### REQUIREMENT
Please copy the data below exactly; none of the pictures in it belong in the copy.

### COLLECTED DATA
· · · ·

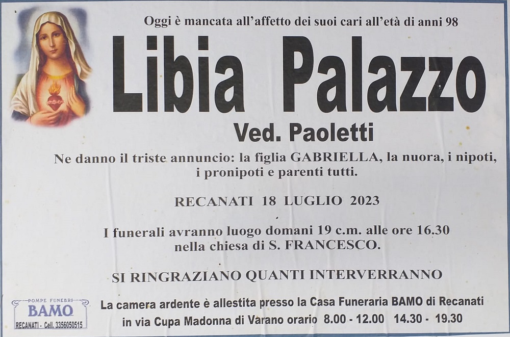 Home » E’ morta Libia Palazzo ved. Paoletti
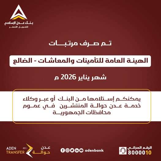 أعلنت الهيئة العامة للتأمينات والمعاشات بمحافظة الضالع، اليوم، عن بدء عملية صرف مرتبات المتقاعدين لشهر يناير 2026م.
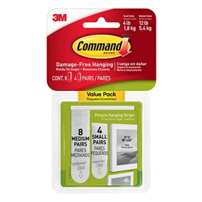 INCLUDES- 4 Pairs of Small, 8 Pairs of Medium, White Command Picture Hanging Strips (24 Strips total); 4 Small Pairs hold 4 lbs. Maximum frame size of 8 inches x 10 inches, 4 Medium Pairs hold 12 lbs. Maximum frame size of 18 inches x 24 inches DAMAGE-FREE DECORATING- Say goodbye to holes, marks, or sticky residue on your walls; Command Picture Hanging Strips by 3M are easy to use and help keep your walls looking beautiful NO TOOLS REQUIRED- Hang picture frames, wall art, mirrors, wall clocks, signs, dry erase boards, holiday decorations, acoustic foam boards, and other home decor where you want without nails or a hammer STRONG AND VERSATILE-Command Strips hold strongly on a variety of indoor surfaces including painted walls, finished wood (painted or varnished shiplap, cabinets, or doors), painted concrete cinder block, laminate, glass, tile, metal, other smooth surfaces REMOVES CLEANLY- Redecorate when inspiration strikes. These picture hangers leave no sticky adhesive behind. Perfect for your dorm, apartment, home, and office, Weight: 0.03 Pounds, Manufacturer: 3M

· · · ·

### TASK ANSWER
 Home » E’ morta Libia Palazzo ved. Paoletti
 أعلنت الهيئة العامة للتأمينات والمعاشات بمحافظة الضالع، اليوم، عن بدء عملية صرف مرتبات المتقاعدين لشهر يناير 2026م.
 INCLUDES- 4 Pairs of Small, 8 Pairs of Medium, White Command Picture Hanging Strips (24 Strips total); 4 Small Pairs hold 4 lbs. Maximum frame size of 8 inches x 10 inches, 4 Medium Pairs hold 12 lbs. Maximum frame size of 18 inches x 24 inches DAMAGE-FREE DECORATING- Say goodbye to holes, marks, or sticky residue on your walls; Command Picture Hanging Strips by 3M are easy to use and help keep your walls looking beautiful NO TOOLS REQUIRED- Hang picture frames, wall art, mirrors, wall clocks, signs, dry erase boards, holiday decorations, acoustic foam boards, and other home decor where you want without nails or a hammer STRONG AND VERSATILE-Command Strips hold strongly on a variety of indoor surfaces including painted walls, finished wood (painted or varnished shiplap, cabinets, or doors), painted concrete cinder block, laminate, glass, tile, metal, other smooth surfaces REMOVES CLEANLY- Redecorate when inspiration strikes. These picture hangers leave no sticky adhesive behind. Perfect for your dorm, apartment, home, and office, Weight: 0.03 Pounds, Manufacturer: 3M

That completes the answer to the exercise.